Tags of all atoms in neighbor lists.

Hello,

Sorry if this sounds trivial, but I’ve got to get this up and running fast and I need to make sure I’m on the right track.

Background:

I’m building a many body pair potential that computes the energy iff the i and j atoms are the number 2 atom of a bond angle. I also need to determine the arms that make up the bond angle plane and compute normals to those arms for each i and j. I’d like to do this before I actually start to compute the pair potentials to avoid recalculating vectors, cross products and dot products.

Questions:

  1. What is the most efficient way, given an atoms local id or tag, to determine the bond angle id for which the atom is bond angle central atom?
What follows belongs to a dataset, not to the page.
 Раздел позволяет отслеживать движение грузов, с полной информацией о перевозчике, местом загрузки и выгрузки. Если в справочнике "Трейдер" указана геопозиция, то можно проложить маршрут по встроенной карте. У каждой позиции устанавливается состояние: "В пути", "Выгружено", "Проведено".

  2. Can I just iterate from 0 to (inum + gnum) to build up a my precomputed arrays rather an have to iterate through al i/j lists; or are the ghost local ids not necessarily incremental integers above inum?

TIA

Robert

Hello,

Sorry if this sounds trivial, but I’ve got to get this up and running fast
and I need to make sure I’m on the right track.

Background:

I’m building a many body pair potential that computes the energy iff the i
and j atoms are the number 2 atom of a bond angle. I also need to determine
the arms that make up the bond angle plane and compute normals to those arms
for each i and j. I’d like to do this before I actually start to compute
the pair potentials to avoid recalculating vectors, cross products and dot
products.

the best way to avoid re-inventing the wheel or mistakes or coming up
with inefficient solutions, is to study the existing code. mutliple
manybody potentials maintain "close neighbor" lists that are generated
from the existing neighbor list for quickly finding candidates for
angles and dihedrals on the fly, e.g. AIREBO. others precompute
per-atom properties and move them along including the require forward
and/or reverse communication, e.g. EAM.

Questions:

1) What is the most efficient way, given an atoms local id or tag, to
determine the bond angle id for which the atom is bond angle central atom?
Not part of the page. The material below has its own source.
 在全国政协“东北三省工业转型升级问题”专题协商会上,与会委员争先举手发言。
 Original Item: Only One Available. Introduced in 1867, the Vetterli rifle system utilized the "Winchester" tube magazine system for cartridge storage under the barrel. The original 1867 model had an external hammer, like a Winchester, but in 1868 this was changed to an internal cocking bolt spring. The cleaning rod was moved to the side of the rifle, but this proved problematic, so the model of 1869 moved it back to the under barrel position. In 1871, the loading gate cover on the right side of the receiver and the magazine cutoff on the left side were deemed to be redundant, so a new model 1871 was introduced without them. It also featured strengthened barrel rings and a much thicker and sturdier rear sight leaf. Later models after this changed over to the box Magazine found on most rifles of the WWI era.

doesn't exist. all manybody potentials in LAMMPS do not use explicitly
defined angles or bonds. those are computed on-the-fly, since they are
dynamic and can change with reactive potentials. topological angles
remain.

2) Can I just iterate from 0 to (inum + gnum) to build up a my
precomputed arrays rather an have to iterate through al i/j lists; or are
the ghost local ids not necessarily incremental integers above inum?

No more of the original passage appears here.